Problem to solve -> Drop the pictures and extract exactly the lines from the one that contains "Die beidseitige Fusselbürste" through the end of the material.

Input data ->
=== Begin Enclosure ===

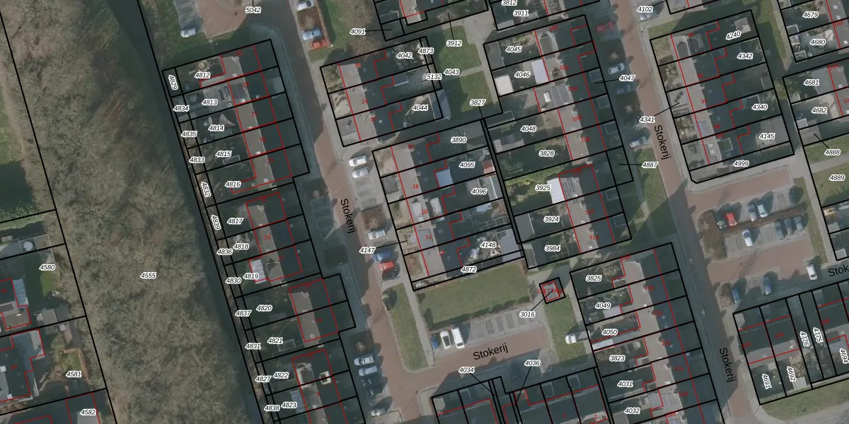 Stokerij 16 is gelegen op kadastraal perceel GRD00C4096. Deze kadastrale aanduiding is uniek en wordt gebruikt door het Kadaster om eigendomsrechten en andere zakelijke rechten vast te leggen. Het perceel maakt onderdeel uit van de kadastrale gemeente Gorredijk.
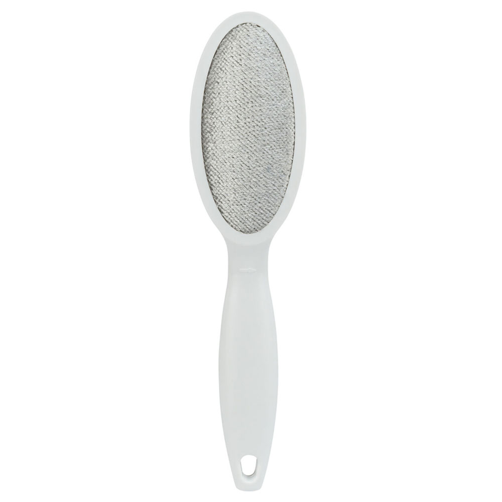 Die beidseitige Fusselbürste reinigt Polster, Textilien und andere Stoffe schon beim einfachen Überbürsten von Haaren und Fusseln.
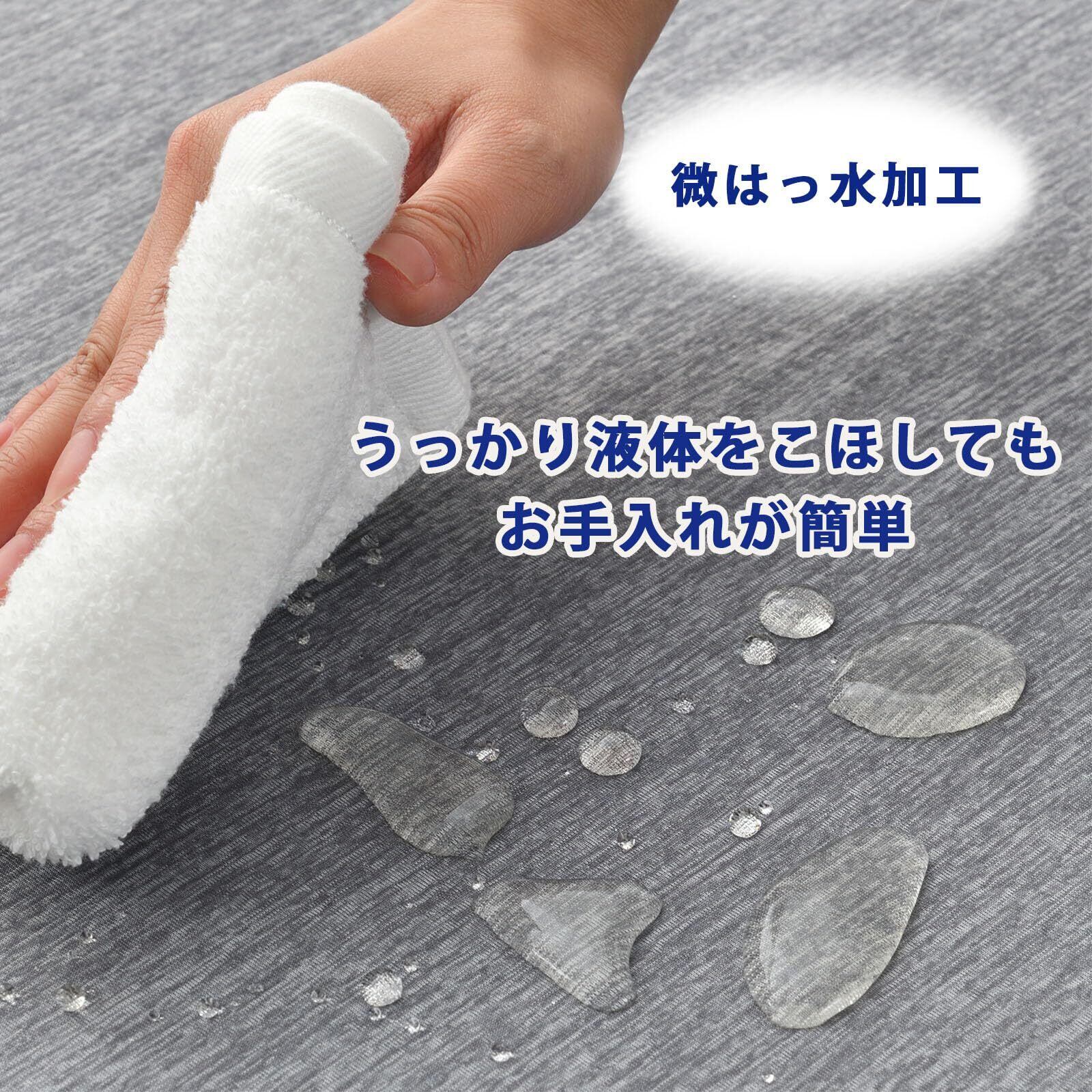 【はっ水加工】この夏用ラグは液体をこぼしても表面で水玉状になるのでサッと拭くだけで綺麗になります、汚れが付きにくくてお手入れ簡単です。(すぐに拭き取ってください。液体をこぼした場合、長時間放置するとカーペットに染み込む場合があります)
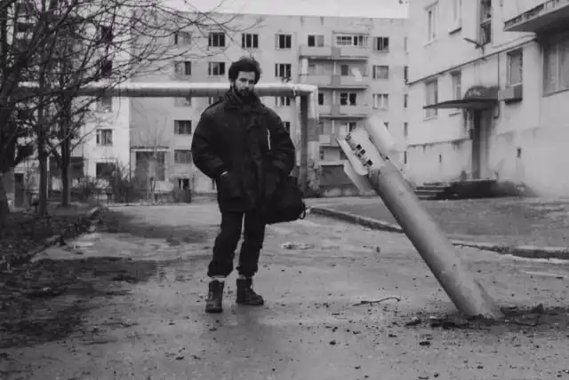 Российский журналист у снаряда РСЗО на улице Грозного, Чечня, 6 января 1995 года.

=== End Enclosure ===

Answer space ->
 Die beidseitige Fusselbürste reinigt Polster, Textilien und andere Stoffe schon beim einfachen Überbürsten von Haaren und Fusseln.
 【はっ水加工】この夏用ラグは液体をこぼしても表面で水玉状になるのでサッと拭くだけで綺麗になります、汚れが付きにくくてお手入れ簡単です。(すぐに拭き取ってください。液体をこぼした場合、長時間放置するとカーペットに染み込む場合があります)
 Российский журналист у снаряда РСЗО на улице Грозного, Чечня, 6 января 1995 года.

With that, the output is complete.